• [Task details] Once the line holding "照明が映える、シンプルなトイ" is found in the listing below, write it out and each later line exactly, up to and including the one holding "This machine is".

• [Material for the task]

"""

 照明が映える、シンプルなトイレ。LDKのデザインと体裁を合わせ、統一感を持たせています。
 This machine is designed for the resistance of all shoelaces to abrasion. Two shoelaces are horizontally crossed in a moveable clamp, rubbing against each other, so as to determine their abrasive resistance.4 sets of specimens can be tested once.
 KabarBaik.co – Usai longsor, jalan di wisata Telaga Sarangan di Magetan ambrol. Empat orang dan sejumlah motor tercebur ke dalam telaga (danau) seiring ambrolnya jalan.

"""
"""

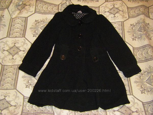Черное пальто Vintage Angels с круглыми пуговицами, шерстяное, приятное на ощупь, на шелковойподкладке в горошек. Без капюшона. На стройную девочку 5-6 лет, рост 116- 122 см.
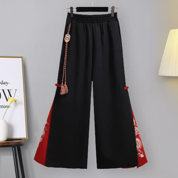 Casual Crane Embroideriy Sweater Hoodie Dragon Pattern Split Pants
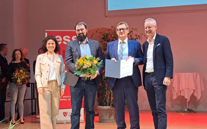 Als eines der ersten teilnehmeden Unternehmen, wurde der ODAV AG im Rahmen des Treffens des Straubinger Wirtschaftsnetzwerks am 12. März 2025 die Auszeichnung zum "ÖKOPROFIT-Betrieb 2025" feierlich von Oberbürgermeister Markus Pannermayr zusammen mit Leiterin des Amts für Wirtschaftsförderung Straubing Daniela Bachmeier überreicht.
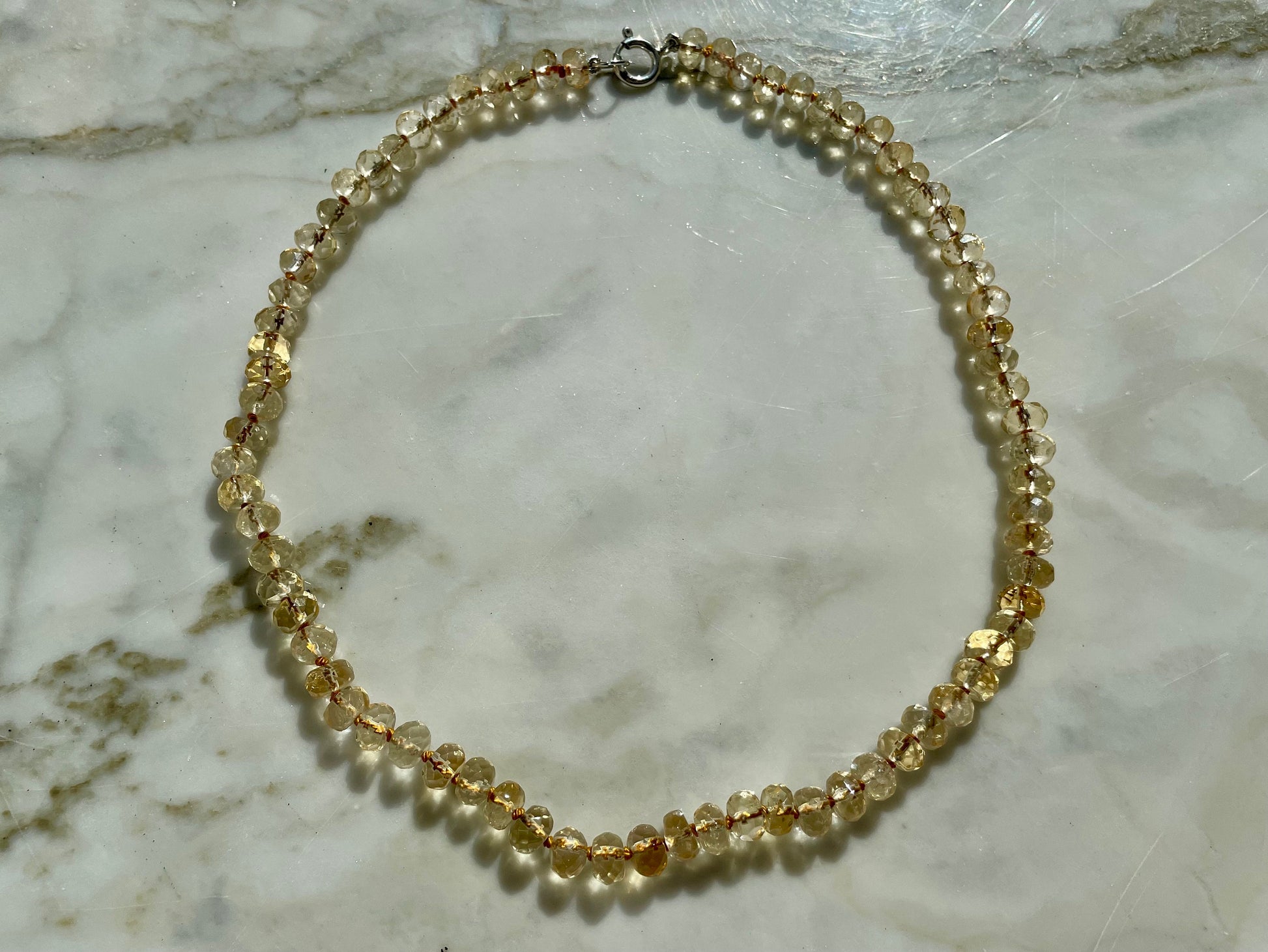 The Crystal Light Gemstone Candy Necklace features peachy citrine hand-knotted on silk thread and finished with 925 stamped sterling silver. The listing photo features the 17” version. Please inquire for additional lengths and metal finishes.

"""

• [Task answer]
 照明が映える、シンプルなトイレ。LDKのデザインと体裁を合わせ、統一感を持たせています。
 This machine is designed for the resistance of all shoelaces to abrasion. Two shoelaces are horizontally crossed in a moveable clamp, rubbing against each other, so as to determine their abrasive resistance.4 sets of specimens can be tested once.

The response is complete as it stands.